Powszechny sposób myślenia
Zwykły sposób myślenia podpowiada mi, że tego rodzaju myśli są całkowicie normalne; że w codziennym życiu jesteśmy skazani na kontakty z ludźmi, których nie lubimy, z którymi nie potrafimy się dogadać, albo takich, którzy po prostu za bardzo się od nas różnią. Jednak jako uczeń Jezusa, nie chcę prowadzić swojego życia według „popularnego” czy „powszechnego” sposobu myślenia.

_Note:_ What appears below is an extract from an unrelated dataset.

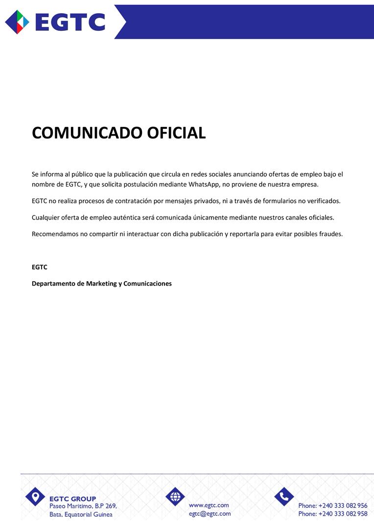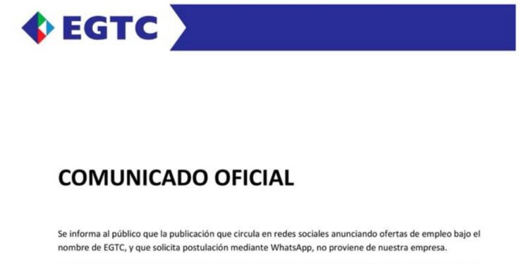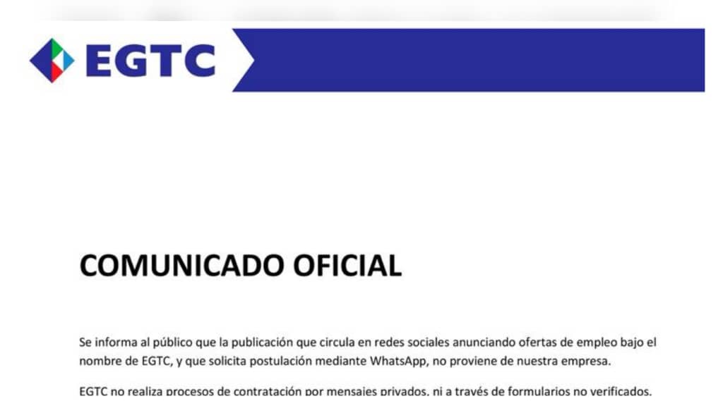 En un Comunicado Oficial, la empresa EGTC informa al público que la publicación que circula en redes sociales anunciando ofertas de empleo bajo el nombre de EGTC, y que solicita postulación mediante WhatsApp, es falsa.

Chcę żyć według woli Bożej i podążać śladami Jezusa, który „uniżył samego siebie i był posłuszny aż do śmierci, i to do śmierci krzyżowej.” (List do Filipian 2,8)
W tym samym rozdziale apostoł Paweł pisze: „(…) w pokorze uważajcie jedni drugich za wyższych od siebie.” (List do Filipian 2,3)
W tamtym tygodniu zdałam sobie sprawę, że z natury jestem pełna pychy i wyniosłości. Zaczęłam odczuwać odrazę do samej siebie. To, co zobaczyłam w sobie, było dalekie od tego, czego pragnęłam: być łagodną i uniżonego serca, jak Jezus.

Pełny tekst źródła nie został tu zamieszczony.